What Medicaid's Dental Coverage Expansion Could Mean for Your Dental Health


Dental health is vital to overall health and wellness. Dental issues have been linked to chronic diseases like diabetes and, when untreated, can lead to costly emergency room visits. Yet many low-income adults across the U.S. lack access to proper dental care.

Medicaid requires children and youths to receive dental care, but it doesn’t require the same care for adults. Instead, states choose on their own whether or not to provide dental coverage for adults. While most states cover dental emergencies, many still don’t offer comprehensive care, such as regular cleanings and preventative services.

Virginia is the latest state to offer such expanded coverage, giving 750,000 Medicaid members access to comprehensive dental benefits for the first time. This new development could further prove the universal advantages of proper dental care and inspire other states to expand their offerings.

Here, we’ll break down what’s included in this dental expansion and how accessible, quality dental insurance can contribute to improved overall health and care costs.

What is covered under Medicaid’s dental expansion?

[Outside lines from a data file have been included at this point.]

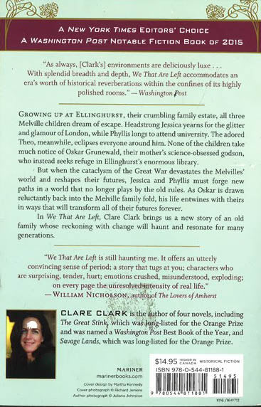 A New York Times Editors' Choice A Washington Post "Notable Fiction Book of 2015" "[A] lavishly detailed historical novel that doesn't just recreate the past but alters your perception of it."--New York Times Book Review "As always, [Clark's] environments are deliciously luxe. . . With splendid breadth and depth, We That Are Left accommodates an era's worth of historical reverberations within the confines of its highly polished rooms."--Washington Post Growing up at Ellinghurst, their crumbling family estate, all three Melville children dream of escape. Headstrong Jessica yearns for the glitter and glamor of London while Phyllis longs to attend university. The adored Theo, meanwhile, eclipses everyone around him. None of the children take much notice of Oskar Grunewald, their mother's science-obsessed godson, who instead seeks refuge in Ellinghurst's enormous library. But when the cataclysm of the Great War devastates the Melvilles' world and reshapes their futures, Jessica and Phyllis must forge new paths in a world that no longer plays by the old rules. As Oskar is drawn reluctantly back into the Melville family fold, his life entwines with theirs in ways that will transform all of their futures forever. In We That Are Left, Clare Clark brings us a new story of an old family whose reckoning with change will haunt and resonate for many generations. "We That Are Left is still haunting me. It offers an utterly convincing sense of period; a story that tugs at you; characters who are surprising, tender, hurt; emotions crushed, misunderstood, exploding; on every page the unresolved intensity of real life."--William Nicholson, author of Lovers of Amherst
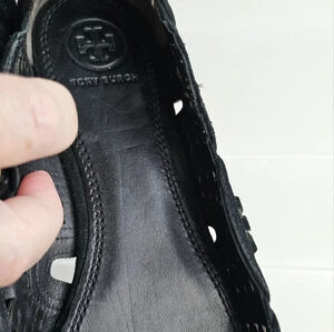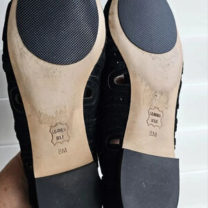 Elegant black flats with intricate cut-out design. Perfect for any occasion.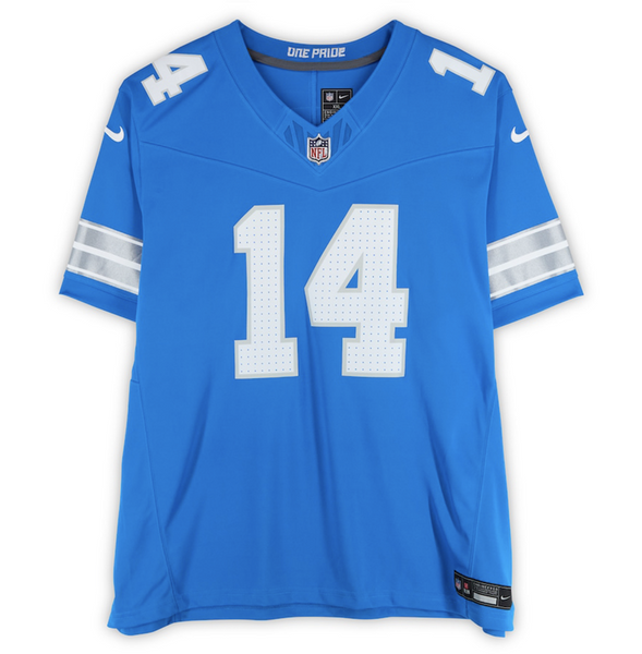 Amon-Ra St. Brown Autographed Detroit Lions Blue Nike F.U.S.E. Limited Jersey FanaticsThis jersey has been personally hand-signed by Amon-Ra St. Brown. It is officially licensed by the National Football League and comes with an individually numbered, tamper-evident hologram from Fanatics Authentic. To ensure authenticity, the hologram can be reviewed online. This process helps to ensure that the product purchased is authentic and eliminates any possibility of duplication or fraud. MONEY BACK GUARANTEE! If for any reason you are not completely satisfied with the quality or authenticity of your purchase, we will gladly give you a full refund or exchange, whichever you prefer up to 30 days after purchase. Please feel free to e-mail us with any questions. Thank you. Authenticator Pre-Certified Authenticator: Fanatics Authenticated History of item: Amon-Ra has signed this item in the presence of a representative from Fanatics Authenticated. Describe how you came to possess this item: Super Sports Center is a fully authorized dealer for Upper Deck Authenticated as well as Mounted Memories and Steiner Sports. Other information about you and / or the item: Super Sports Center strives to deliver the most authentic in sports memorabilia from trusted companies like Mounted Memories, Steiner Sports and Upper Deck Authenticated. If it exists, we can find it for you!

Each state dictates the scope of its dental coverage for adults. As of July 1, 2021, Virginia’s expanded dental coverage includes:

  • Routine cleanings
  • Preventative care
  • X-rays and examinations
  • Fillings
  • Dentures
  • Root canals
  • Gum-related treatments
  • Oral surgeries

These types of services are currently covered by roughly 30 states. Forty-two states cover oral surgeries, but six of those only cover them in emergency cases.

How can expanded dental coverage improve your health?

Expanded dental coverage has universal benefits for individuals and health care systems as a whole. Better oral health can contribute to improved communication, increased employability, and less money spent on emergency services.

With expanded dental care, adults covered by Medicaid can:

Access preventative services

Health insurance usually covers preventative services. Without supplementary dental insurance, however, preventative dental care isn’t often included. Without preventative care, many people don’t have the resources to stop dental issues from occurring or getting worse. According to the Center for Health Care Strategies (CHCS), 44% of low-income adults have untreated tooth decay.

Even if someone knows they have a problem, they may not have the money to get it fixed. So they wait until it becomes an emergency, and then they have to get an extraction or merely pain relief medicine, which doesn’t actually address the root of the problem. In fact, the U.S. spends $2 billion each year on dental emergencies, 80% of which could’ve been avoided with proper preventative care.

With preventive care, people can improve their dental wellness, and save time and money in the process. According to a 2020 study by Health Services Research, in states with dental coverage, dental emergency visits decreased by over 14%.

Control chronic diseases

Poor dental health has been linked to other issues such as heart disease, gum disease, diabetes, and premature births. With proper dental benefits, people can reduce the risk of developing life-threatening, chronic conditions.

Take advantage of regular dental care

Comprehensive coverage can motivate people to take advantage of regular dental care services, such as routine cleanings. As a result, people may have an easier time eating, communicating, and even entering the workforce. As the American Dental Association reported, six out of 10 low-income adults without Medicaid dental coverage said bad teeth prevented them from getting a job or going on interviews.

After Michigan offered expanded dental coverage through Medicaid, 60% of enrollees had visited a dentist at least once in a year or two, according to a study from the University of Michigan found that. Of those people, 57% said their oral health had improved in that time. Over 75% of those who had jobs also said their coverage helped them improve their performance at work.

These findings can help more people understand the overwhelming benefits of expanded dental coverage and prompt more state Medicaid programs to improve dental benefits for its enrollees.